Answer.—We have looked up and re-read the articles in question; but they do not help us much. As with Elpis Israel so with these articles, we esteem the general thesis to be sound, but cannot fall in with particular expressions. (The subject is a very thorny one.) “There was no miracle wrought”—Who can say authoritatively that this is so? “The change . . . was moral, not physical . . .” Whence then came death?

As it happens we are just reprinting Catechesis by Dr. Thomas. Here are a few lines:—

37.—What relation did the first man sustain to mortality and immortality?

Answer.—That of a candidate for the one or the other. If obedient to the law, he would obtain the right to eat of the tree of life and live for ever (Gen. 3:22; Rev. 22:14); if disobedient, he would incur the penalty of the law, which consigned him to the dust from which he was taken (Gen. 2:17: 3:19).

38.—Having come under the penalty of the law, when did it begin to take effect?

Answer.—After he had given account of himself at the judgment which sat upon his case, and sentence of death was pronounced upon him.

This is about all that can usefully be said on the matter.

In the Constitution of the Birmingham Ecclesia, Clause V., we read:—

V.—That Adam broke this law, and was adjudged unworthy of immortality, and sentenced to return to the ground from whence he was taken—a sentence which defiled and became a physical law of his being, and was transmitted to all his posterity (Gen. 3:15–19, 22–23; 2 Cor. 1:9; Rome. 7:24; 2 Cor. 5:2–4; Rom. 7:18–23; Gal. 5:16–17; Rom. 6:12: 7:21; John 3:6; Rom. 5:12; 1 Cor. 15:32; Ps. 51:5; Job 14:4).

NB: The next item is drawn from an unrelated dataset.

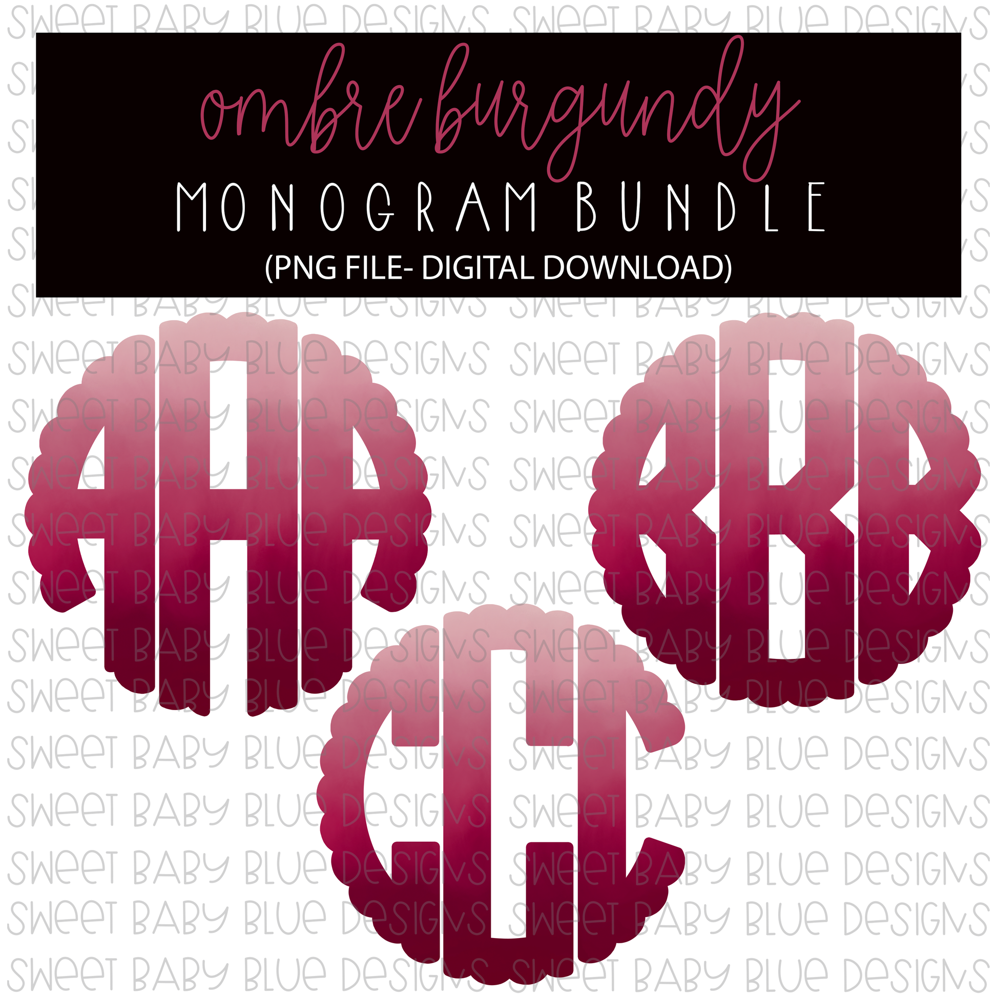 Ombre Burgundy- Monogram Bundle- PNG file- Digital Download

The late John Bell ridiculed this, and asked how a sentence could so defile? “How can the mind conceive of a defiled nature?” “Our nature is as God made it”!

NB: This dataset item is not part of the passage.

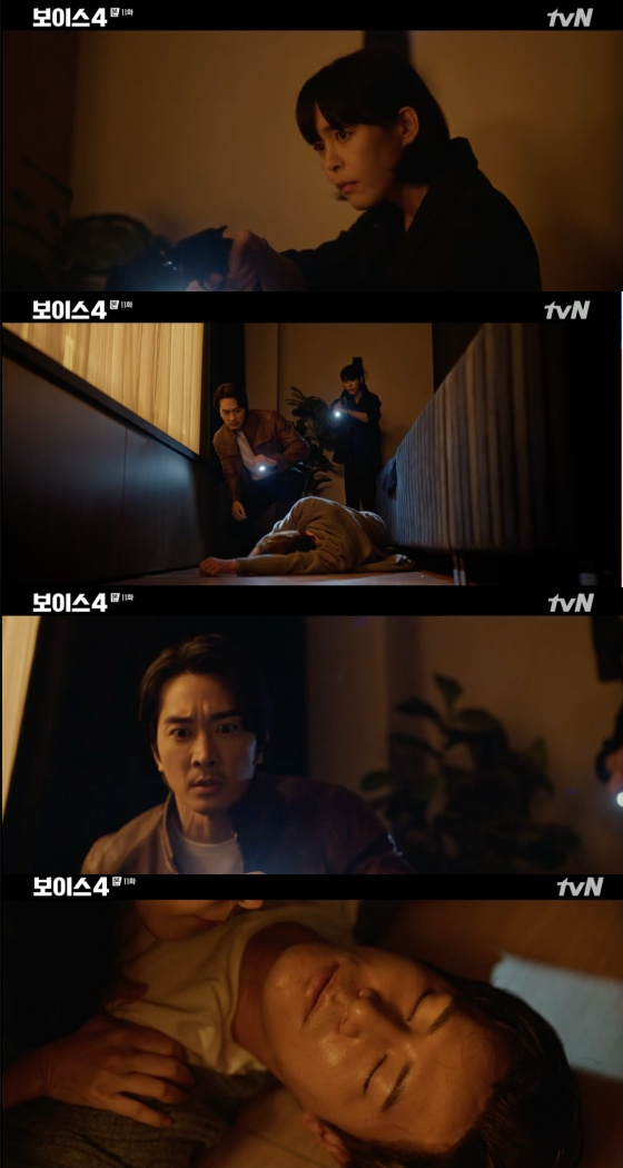 '보이스 시즌4'의 이하나와 송승헌이 칼에 찔려 의식 잃은 이규형을 발견했다.

Yet all the time there were in the Bible the records of cases in which sentences of God immediately defiled physically those who were affected thereby. “Moses’ hand for “a sign” became leprous (Ex. 4:6–8); Miriam was smitten with leprosy and was excommunicated for a week (Num. 12:10–15); “Remember Miriam”! said Moses (Deut. 24:9). Gehazi was smitten with leprosy (2 Kings 5.); and Uzziah similarly was smitten by God, and was “a leper unto the day of his death” (2 Kings 15:5; 2 Chron. 26:16–21). These were “sentences which defiled,” and became, for a greater or less length of time, “a physical law of the being” of the sentenced persons. On the other hand, our Lord healed lepers with a word.

Our natural philosophers of the present day, with their splitting of the “unsplittables” (for that is what the word “atom” radically means) are becoming exceedingly conservative over their definition of “matter” and “mind,” “moral” and “physical,” and so forth. They gravitate towards the Bible doctrine that the basis of all things is “Spirit.”

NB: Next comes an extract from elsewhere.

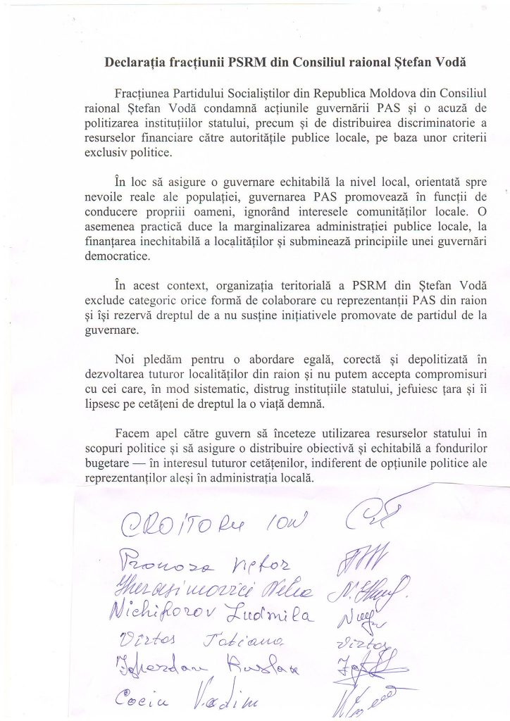 Fracțiunea Partidului Socialiștilor din Republica Moldova din Consiliul raional Ștefan Vodă condamnă acțiunile guvernării PAS și o acuză de politizarea instituțiilor statului, precum și de distribuirea discriminatorie a resurselor financiare către autoritățile publice locale, pe baza unor criterii exclusiv politice.

A sister, having read the “Answers” in last issue, remarks:—

“I observe a correspondent has referred to Dr. Thomas’s words relative to the condition of Adam in his novitiate. The particular expression cited rather puzzled me in my reading of it a few weeks ago, but I am satisfied that it was a condition of neutrality, answerable to the pronouncement, “Very Good,” and capable of development into either mortality or immortality. There are some things we must “leave at that,” because now “we see through a glass darkly,” but then “we shall know even as we are known.”

“What a delightful prospect the latter condition is, and how much worth “enduring unto the end.” We think and hope that “end” will soon be here, in person to effect the consummation of the whole beautiful Bible plan, even Jesus Christ our loved Lord.”